# The problem
Without the pictures, give every record again exactly.

# Exercise materials

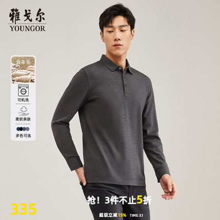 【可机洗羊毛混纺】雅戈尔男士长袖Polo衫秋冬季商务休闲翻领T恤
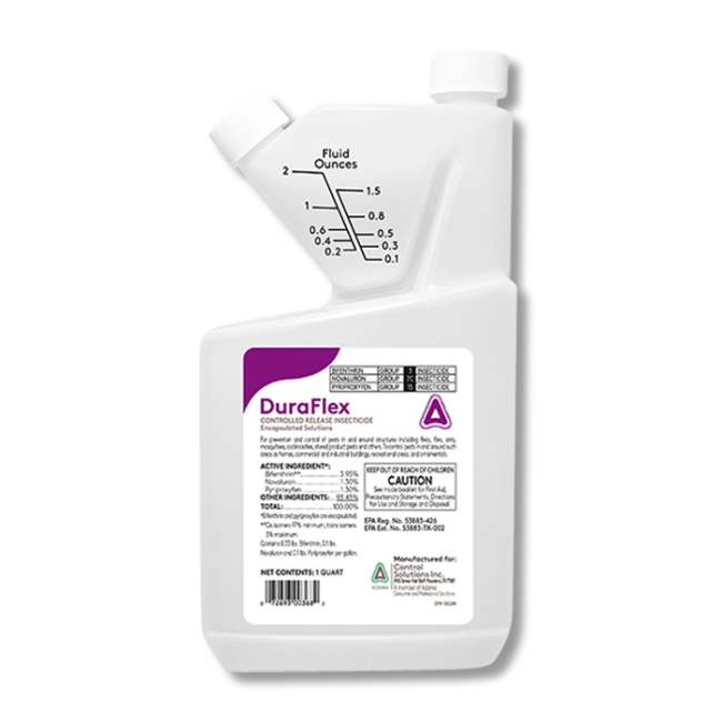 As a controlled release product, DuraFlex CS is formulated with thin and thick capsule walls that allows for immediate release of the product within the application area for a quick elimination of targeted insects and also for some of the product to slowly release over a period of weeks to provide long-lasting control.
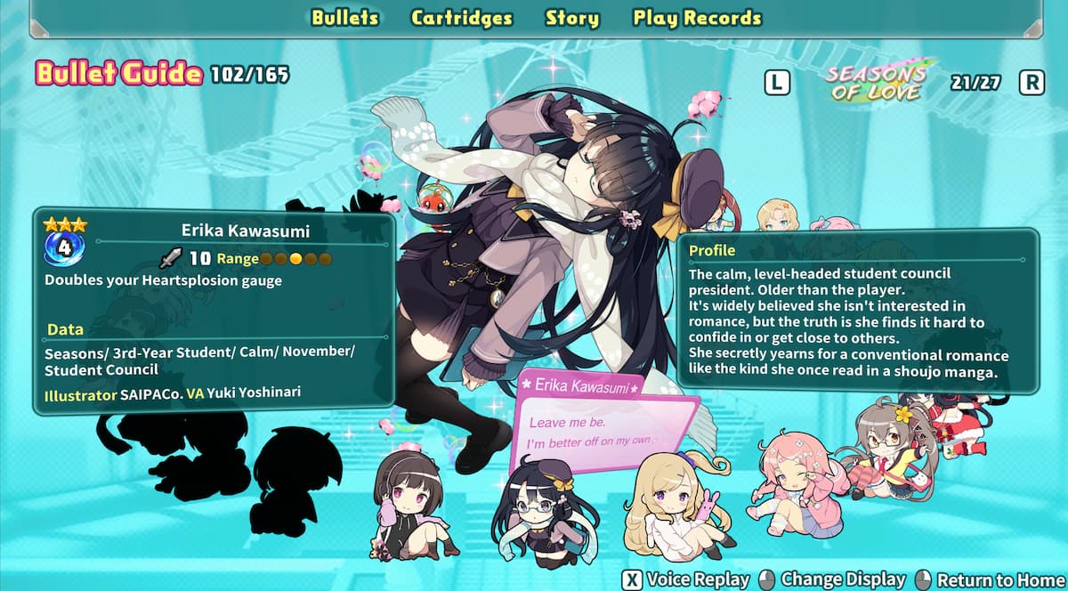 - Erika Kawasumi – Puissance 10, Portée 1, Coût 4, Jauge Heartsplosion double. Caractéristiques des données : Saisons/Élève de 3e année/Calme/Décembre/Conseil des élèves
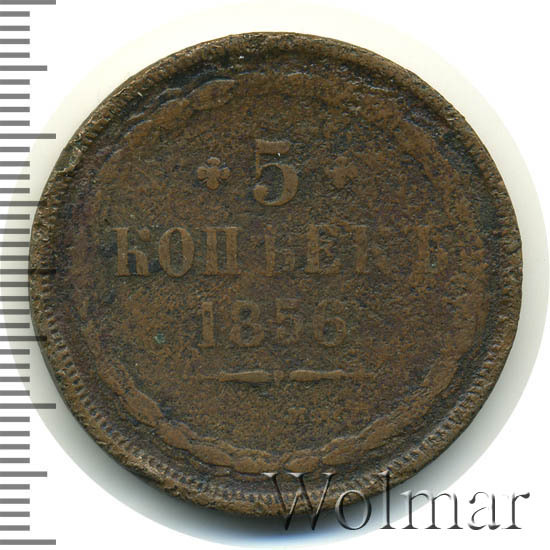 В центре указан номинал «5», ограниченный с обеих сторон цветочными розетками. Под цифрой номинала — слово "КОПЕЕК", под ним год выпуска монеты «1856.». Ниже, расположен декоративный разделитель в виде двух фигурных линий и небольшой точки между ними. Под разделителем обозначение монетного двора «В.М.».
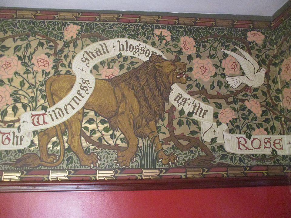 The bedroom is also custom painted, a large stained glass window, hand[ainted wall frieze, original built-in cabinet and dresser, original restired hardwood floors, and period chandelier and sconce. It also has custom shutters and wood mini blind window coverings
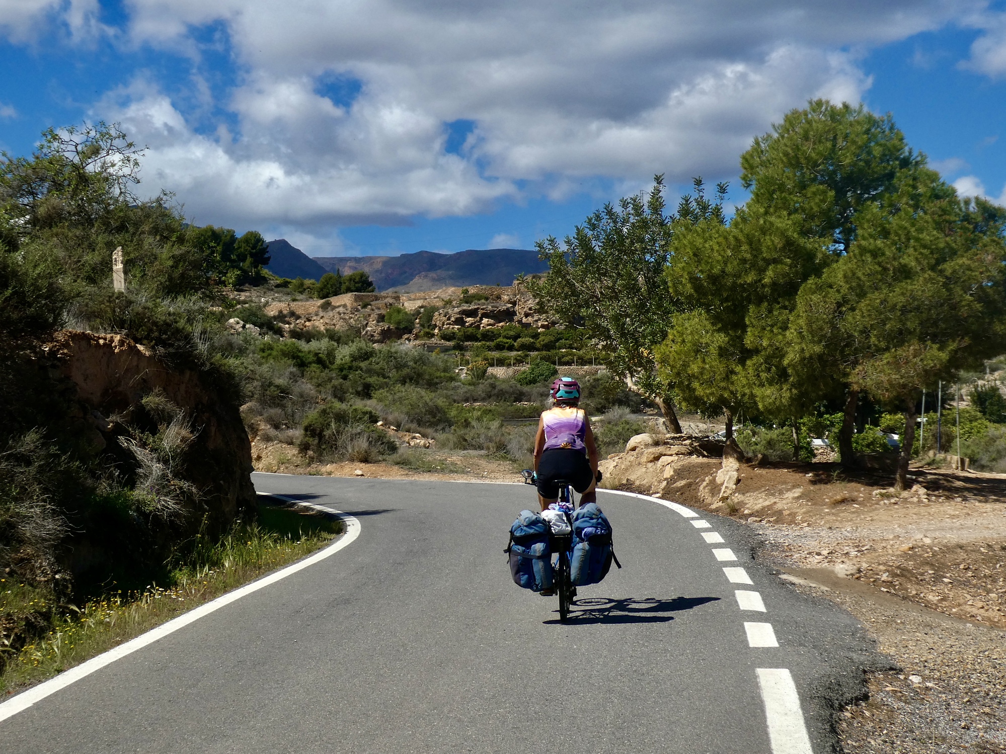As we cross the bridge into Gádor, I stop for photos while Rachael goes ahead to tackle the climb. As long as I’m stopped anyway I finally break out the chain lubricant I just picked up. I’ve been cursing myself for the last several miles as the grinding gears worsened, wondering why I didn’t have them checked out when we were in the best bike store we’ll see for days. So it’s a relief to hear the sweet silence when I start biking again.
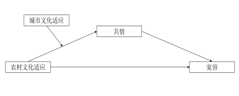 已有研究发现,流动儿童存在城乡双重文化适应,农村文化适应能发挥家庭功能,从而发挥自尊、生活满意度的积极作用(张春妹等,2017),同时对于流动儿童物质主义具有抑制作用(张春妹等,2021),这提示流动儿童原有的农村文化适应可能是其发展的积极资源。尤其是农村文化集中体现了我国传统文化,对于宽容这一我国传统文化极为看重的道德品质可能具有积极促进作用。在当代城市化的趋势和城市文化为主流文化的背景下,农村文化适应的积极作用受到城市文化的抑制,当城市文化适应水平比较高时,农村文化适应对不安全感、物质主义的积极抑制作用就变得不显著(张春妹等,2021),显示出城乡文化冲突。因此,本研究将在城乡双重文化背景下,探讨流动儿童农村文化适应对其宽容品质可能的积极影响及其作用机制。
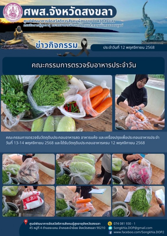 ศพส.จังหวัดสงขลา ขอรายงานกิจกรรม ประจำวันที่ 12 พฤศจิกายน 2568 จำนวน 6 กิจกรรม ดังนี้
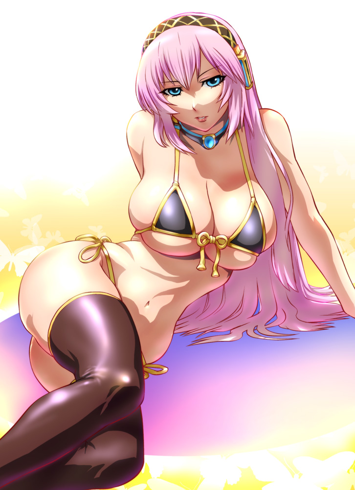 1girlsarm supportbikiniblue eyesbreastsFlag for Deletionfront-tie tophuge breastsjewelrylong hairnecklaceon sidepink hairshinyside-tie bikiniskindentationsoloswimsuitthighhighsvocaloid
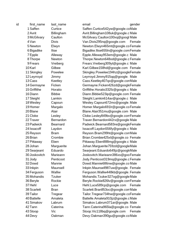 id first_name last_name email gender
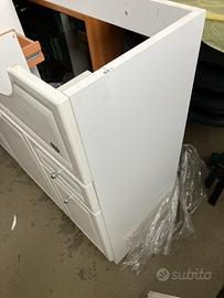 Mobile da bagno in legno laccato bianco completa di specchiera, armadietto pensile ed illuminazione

# Answer below
 【可机洗羊毛混纺】雅戈尔男士长袖Polo衫秋冬季商务休闲翻领T恤
 As a controlled release product, DuraFlex CS is formulated with thin and thick capsule walls that allows for immediate release of the product within the application area for a quick elimination of targeted insects and also for some of the product to slowly release over a period of weeks to provide long-lasting control.
 - Erika Kawasumi – Puissance 10, Portée 1, Coût 4, Jauge Heartsplosion double. Caractéristiques des données : Saisons/Élève de 3e année/Calme/Décembre/Conseil des élèves
 В центре указан номинал «5», ограниченный с обеих сторон цветочными розетками. Под цифрой номинала — слово "КОПЕЕК", под ним год выпуска монеты «1856.». Ниже, расположен декоративный разделитель в виде двух фигурных линий и небольшой точки между ними. Под разделителем обозначение монетного двора «В.М.».
 The bedroom is also custom painted, a large stained glass window, hand[ainted wall frieze, original built-in cabinet and dresser, original restired hardwood floors, and period chandelier and sconce. It also has custom shutters and wood mini blind window coverings
As we cross the bridge into Gádor, I stop for photos while Rachael goes ahead to tackle the climb. As long as I’m stopped anyway I finally break out the chain lubricant I just picked up. I’ve been cursing myself for the last several miles as the grinding gears worsened, wondering why I didn’t have them checked out when we were in the best bike store we’ll see for days. So it’s a relief to hear the sweet silence when I start biking again.
 已有研究发现,流动儿童存在城乡双重文化适应,农村文化适应能发挥家庭功能,从而发挥自尊、生活满意度的积极作用(张春妹等,2017),同时对于流动儿童物质主义具有抑制作用(张春妹等,2021),这提示流动儿童原有的农村文化适应可能是其发展的积极资源。尤其是农村文化集中体现了我国传统文化,对于宽容这一我国传统文化极为看重的道德品质可能具有积极促进作用。在当代城市化的趋势和城市文化为主流文化的背景下,农村文化适应的积极作用受到城市文化的抑制,当城市文化适应水平比较高时,农村文化适应对不安全感、物质主义的积极抑制作用就变得不显著(张春妹等,2021),显示出城乡文化冲突。因此,本研究将在城乡双重文化背景下,探讨流动儿童农村文化适应对其宽容品质可能的积极影响及其作用机制。
 ศพส.จังหวัดสงขลา ขอรายงานกิจกรรม ประจำวันที่ 12 พฤศจิกายน 2568 จำนวน 6 กิจกรรม ดังนี้
 1girlsarm supportbikiniblue eyesbreastsFlag for Deletionfront-tie tophuge breastsjewelrylong hairnecklaceon sidepink hairshinyside-tie bikiniskindentationsoloswimsuitthighhighsvocaloid
 id first_name last_name email gender
 Mobile da bagno in legno laccato bianco completa di specchiera, armadietto pensile ed illuminazione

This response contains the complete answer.